Optimizing passive acoustic systems for marine mammal detection and localization: Application to real-time monitoring north Atlantic right whales in Gulf of St. Lawrence

Abstract

This study addresses the problem of determining optimal design of passive acoustic monitoring (PAM) systems for detecting and localizing whale calls in real-time in variable-noise environments. The performance of various PAM system is assessed using the detection theory and simulation modeling applied to the context of North Atlantic right whale (NARW) upcalls in feeding grounds and noisy shipping corridor of the Gulf of St. Lawrence. Realistic simulations are performed using an estimated NARW upcall source level (SL), the actual shipping traffic, measured local fleet ship SLs, and transmission loss (TL) from a regional 2.5-D propagation model accounting for the bathymetric and environmental structures. The comparisons consider single-hydrophone and hydrophone-array PAM systems, mounted on buoys, gliders, or cabled to shore and three families of NARW upcall detectors.
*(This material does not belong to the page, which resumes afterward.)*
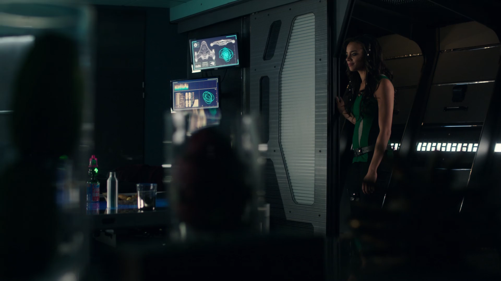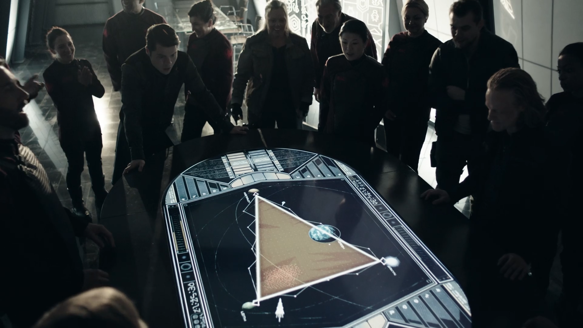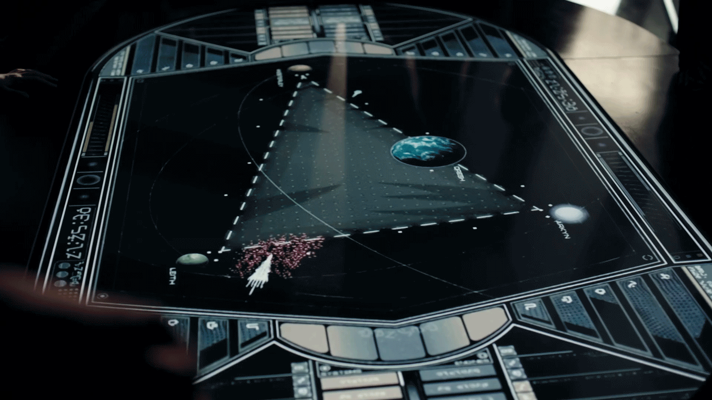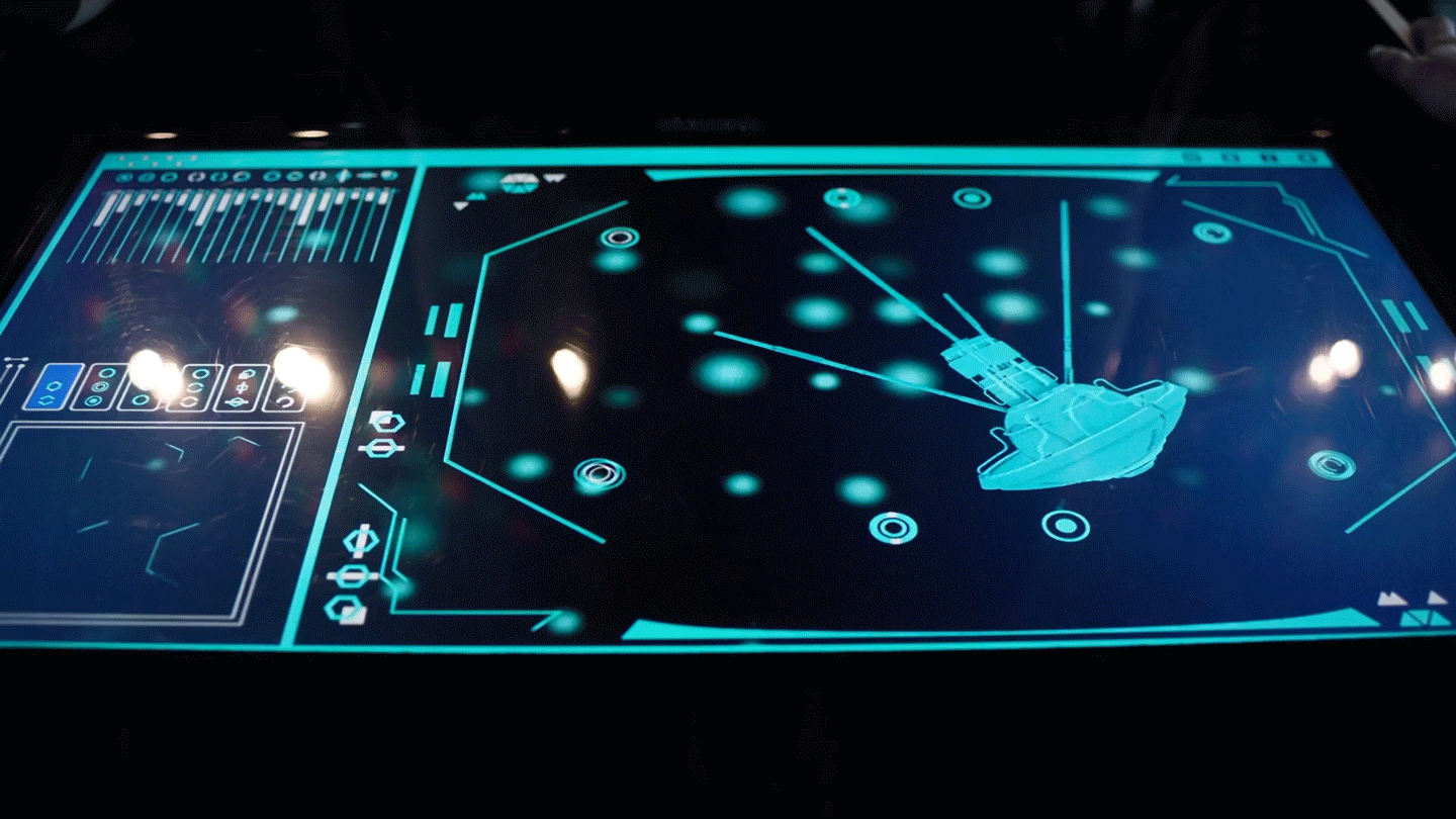 The interior screens stood out in the sparse and brightly lit ships and were meant to provide visual interest as well as help later on in the season to show narrative driven sequences on the main table console.

The targeted performance is a low false-alarm rate of 1 per day and a detection probability > 0.5. The time-frequency-based detector offers the best trade-off between detection performance and robustness against NARW upcall variability. The effective detection ranges are ∼ 15 times lower with single-hydrophone systems compared to hydrophone-arrays, whose beamforming enhances the signal in the upcall direction while damping interfering discrete noise from nearby transiting ships in other directions. Detecting and localizing NARWs in the large target areas (>10000-km2 scale) is possible with a few well-located arrays of 10–20 hydrophones, which appears as the optimal cost/performance trade-off.